Hi, my name is Paul Dobleman, I am an artist from San Francisco, California. Currently I work at Blackheart Tattoo and have been tattooing for 16 years. I’ve always loved classic imagery, beautiful and mysterious women, life and death, skulls and roses. Also anything involving the sea, and maritime art. My Traditional Vision is my new book, I’m so proud of it! It includes my favorite work over the last decade of my 16 year career, new flash, art and tattoos. I can say that in this book you can find the secret language of tattoos and their designs.
Once you said that tattoo saved your life. Is that true? Who was Paul before learning to tattoo?
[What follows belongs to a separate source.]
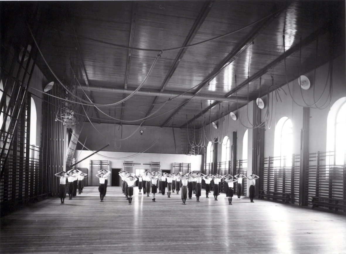 Gymnastiksalen med pågående undervisning, i Kalmar högre allmänna läroverk.

And what happened then?
I think tattooing saved my life in the way that it gave me direction and something to focus and dedicate my life too. I was really wild, and a little out of control before, but having tattooing as such an important part of my life always made me want to work harder and be better. My tattoo career started around 2005.
I wanted to know everything about tattooing. I worked pretty much every day.
I learned how to make needles, work on machines, and mix pigment. I also took time to learn about the designs through painting tattoo flash. It really helped my tattooing. Before working at Spider Murphy’s, I worked at a really busy street shop where I would take walk-ins, anything and everything, until three in the morning.
This really helped me learn how to put a design together fast. Since the tattoos were not always artistically satisfying I would paint flash whenever I had time, and then people started getting those designs. I realized that if people cannot see what you have to offer, they will never know.
Has your artistic imprint always remained unchanged?
I’ve been painting flash as long as I have been tattooing and the two go hand in hand. I’m always using designs from one to the next making things look cohesive. I think that doing a tattoo that is true to the person you are tattooing is the most important thing.
Then you can add what is true to you as an artist. It starts with a great design.
What are your favourite subjects, the ones you never get tired of?
I will never get tired of death and beauty. Skulls, women, the sea, roses, and eagles are always so awesome.
How did you choose the designs for the book?
The images in this book are a mirror of who I am, what I love and where I’ll be.
In this book how can we recognize your “youth” works from the more recent ones?
I think you will see more colourful work from when I first started out at Spider Murphy’s up to today, with my black traditional tattoos that a lot of people are requesting. I’ve painted mostly in black and grey and I think this has finally started to carry over into the tattooing I am doing now.
Do you reckon your style will change or evolve in the future?
I think my tattooing will always evolve. There are always things I like to add or take away as time passes to make the best tattoo I can. As I get more experience I see what lasts in a tattoo and what’s the most important.
Who were your mentors and who would be your reference points in tattoo today?
My mentors have been my father, Rand Dobleman, and my friends, Mikey Slater, Theo Mindell, Scott Sylvia, and Jeff Rassier. I still look to the classic tattooers of the past, and older artists who are non tattooers, for reference. I feel like that helps you to create your own style.
Is there any particular teaching you bear in mind when you’re working?
Always do your best, and have fun.
Beside tattooing, what are you really into and what do you do in your free time?
I love painting, riding my motorcycle, and traveling.
Are you a real music lover? What song or album means the most to you?
Yes, music is very important, without it, life would be so boring. I couldn’t think of one album or song in particular, but I love rock and roll.
What plans have you got for the future? Where will you be and what will you be doing ten years from now?
My plans for the future are to continue to travel as much as possible, paint more flash, and spend time in the tropics.
In closing this interview, what does this book represent to you?
This book represents a huge milestone in my career, all of the art that I do and passion for tattooing.